■ **Prompt**: Type the data below again exactly. Omit all pictures.

■ **Material supplied**:
------

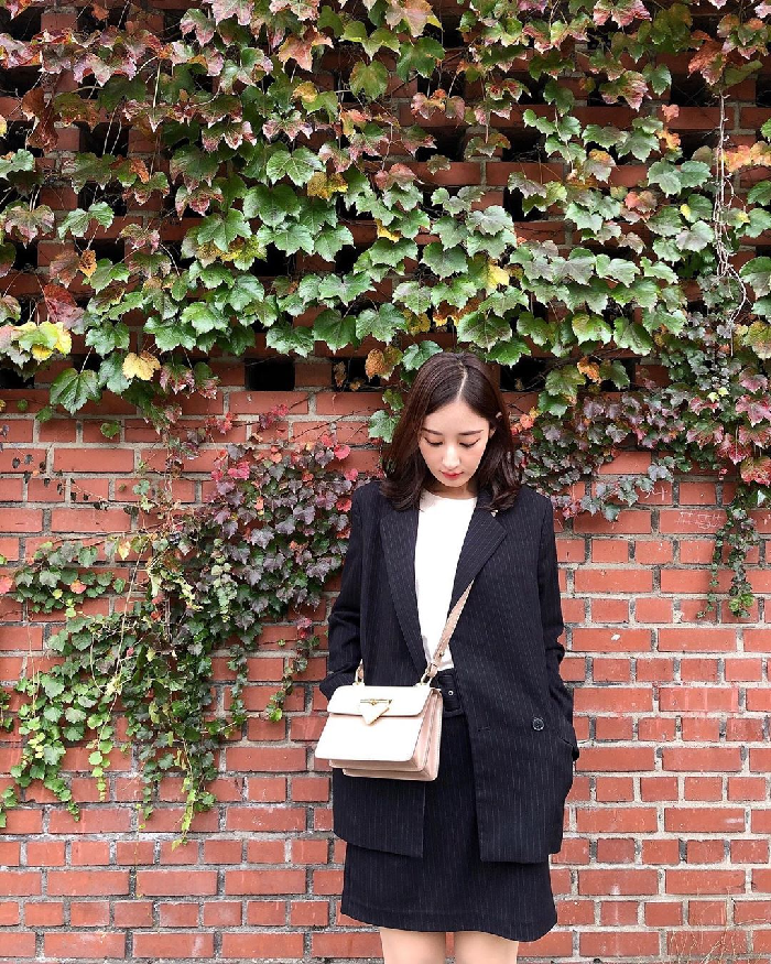 해당 사진 속 박유라는 베이지 색상의 프라다 숄더백을 메고 카메라를 응시하고 있다.
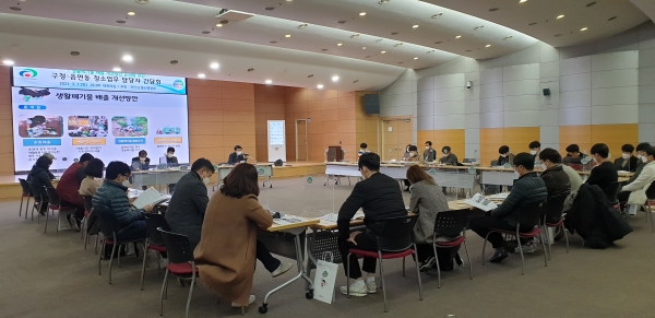 시는 지난 2일 시청 대회의실에서 양 구청 및 읍·면·동 청소업무 담당자가 모인 가운데 생활폐기물 감량 및 배출개선 방안을 논의하기 위한 간담회를 개최했다고 밝혔다.
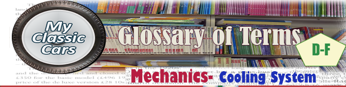 FAN CLUTCH: Describes a viscous (fluid) drive coupling device connected to the centre of the fan that will allow variable engine fan speeds relating to engine speeds according to the engine temperature through a thermostat
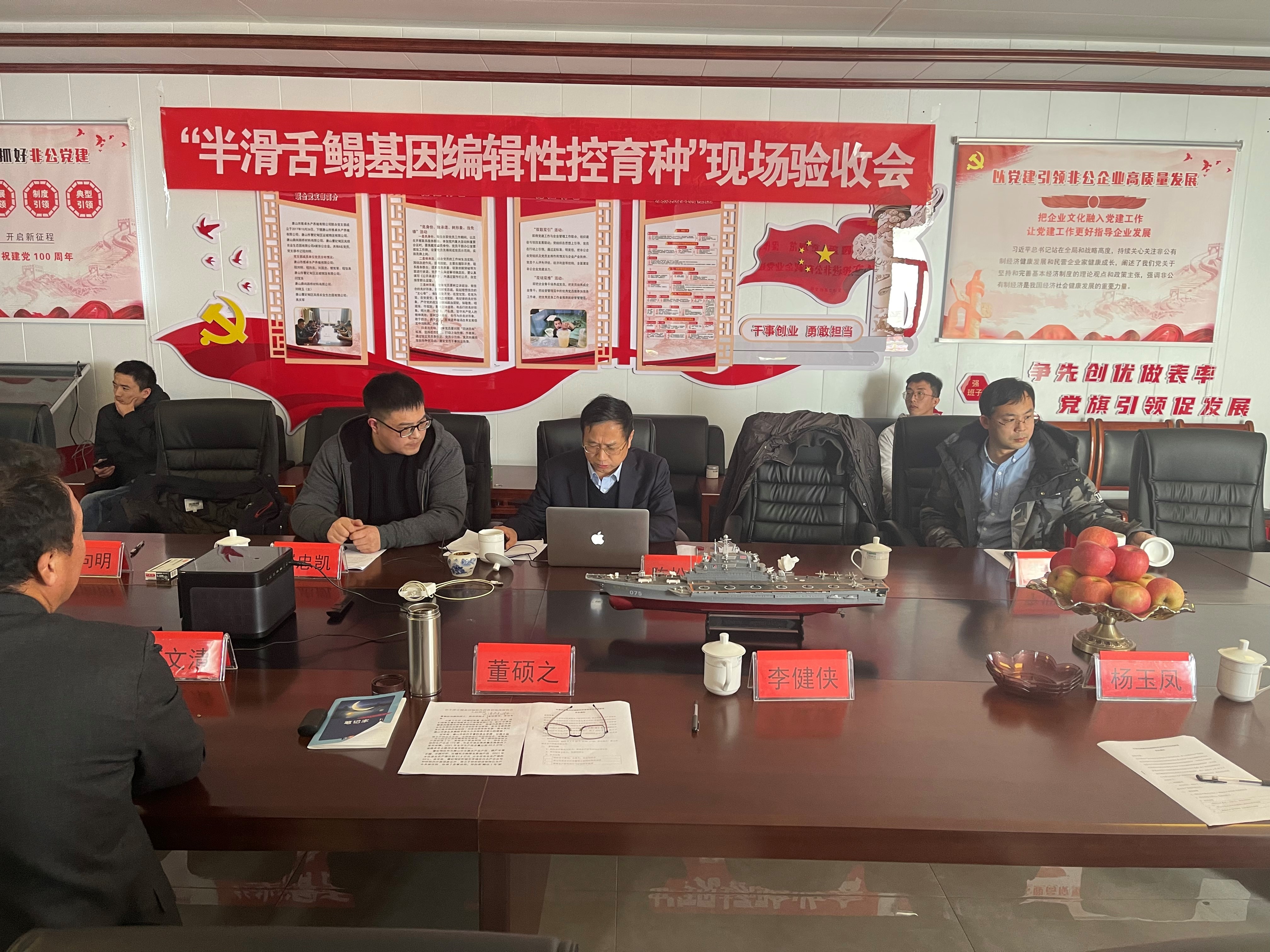 1月26日,由包振民院士、劉英杰研究員、王志勇教授、張繼泉教授和蘇文清研究員等組成的專家組在唐山市通過線上線下相結(jié)合的方式,對中國水產(chǎn)科學研究院黃海水產(chǎn)研究所陳松林院士團隊主持承擔、唐山市維卓水產(chǎn)養(yǎng)殖有限公司參加的國家自然科學基金重點項目“半滑舌鰨雌性性別決定的分子機制及基因組編輯性控育種的基礎研究”、海水魚產(chǎn)業(yè)技術體系“半滑舌鰨遺傳改良崗位”項目和中國水產(chǎn)科學研究院基本科研業(yè)務費重點項目“半滑舌鰨和鯉基因編輯育種”等項目研制的半滑舌鰨基因編輯F3代快速生長雄魚進行了現(xiàn)場驗收。河北省農(nóng)業(yè)農(nóng)村廳漁業(yè)處周永剛二級調(diào)研員、唐山市農(nóng)牧局副局長董碩之、曹妃甸區(qū)政府黨組副書記李健俠、曹妃甸區(qū)農(nóng)牧局局長楊玉鳳和工信局副局長袁衛(wèi)國等地方領導出席驗收會,黃海水產(chǎn)研究所副所長葉乃好等參加會議。
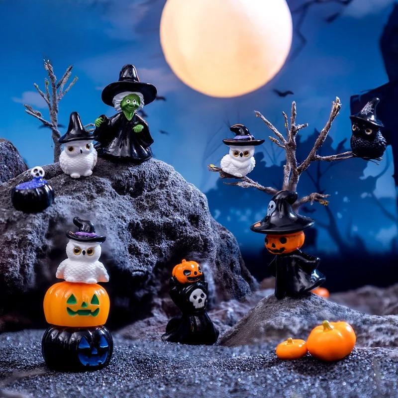 Mini Halloween Ornament Miniature Cartoon Witch Ghost Pumpkin Figurine Car Interior Desktop Decor Witch Pumpkin Small Ornaments

------

■ **Written answer**:
 해당 사진 속 박유라는 베이지 색상의 프라다 숄더백을 메고 카메라를 응시하고 있다.
 시는 지난 2일 시청 대회의실에서 양 구청 및 읍·면·동 청소업무 담당자가 모인 가운데 생활폐기물 감량 및 배출개선 방안을 논의하기 위한 간담회를 개최했다고 밝혔다.
 FAN CLUTCH: Describes a viscous (fluid) drive coupling device connected to the centre of the fan that will allow variable engine fan speeds relating to engine speeds according to the engine temperature through a thermostat
 1月26日,由包振民院士、劉英杰研究員、王志勇教授、張繼泉教授和蘇文清研究員等組成的專家組在唐山市通過線上線下相結(jié)合的方式,對中國水產(chǎn)科學研究院黃海水產(chǎn)研究所陳松林院士團隊主持承擔、唐山市維卓水產(chǎn)養(yǎng)殖有限公司參加的國家自然科學基金重點項目“半滑舌鰨雌性性別決定的分子機制及基因組編輯性控育種的基礎研究”、海水魚產(chǎn)業(yè)技術體系“半滑舌鰨遺傳改良崗位”項目和中國水產(chǎn)科學研究院基本科研業(yè)務費重點項目“半滑舌鰨和鯉基因編輯育種”等項目研制的半滑舌鰨基因編輯F3代快速生長雄魚進行了現(xiàn)場驗收。河北省農(nóng)業(yè)農(nóng)村廳漁業(yè)處周永剛二級調(diào)研員、唐山市農(nóng)牧局副局長董碩之、曹妃甸區(qū)政府黨組副書記李健俠、曹妃甸區(qū)農(nóng)牧局局長楊玉鳳和工信局副局長袁衛(wèi)國等地方領導出席驗收會,黃海水產(chǎn)研究所副所長葉乃好等參加會議。
 Mini Halloween Ornament Miniature Cartoon Witch Ghost Pumpkin Figurine Car Interior Desktop Decor Witch Pumpkin Small Ornaments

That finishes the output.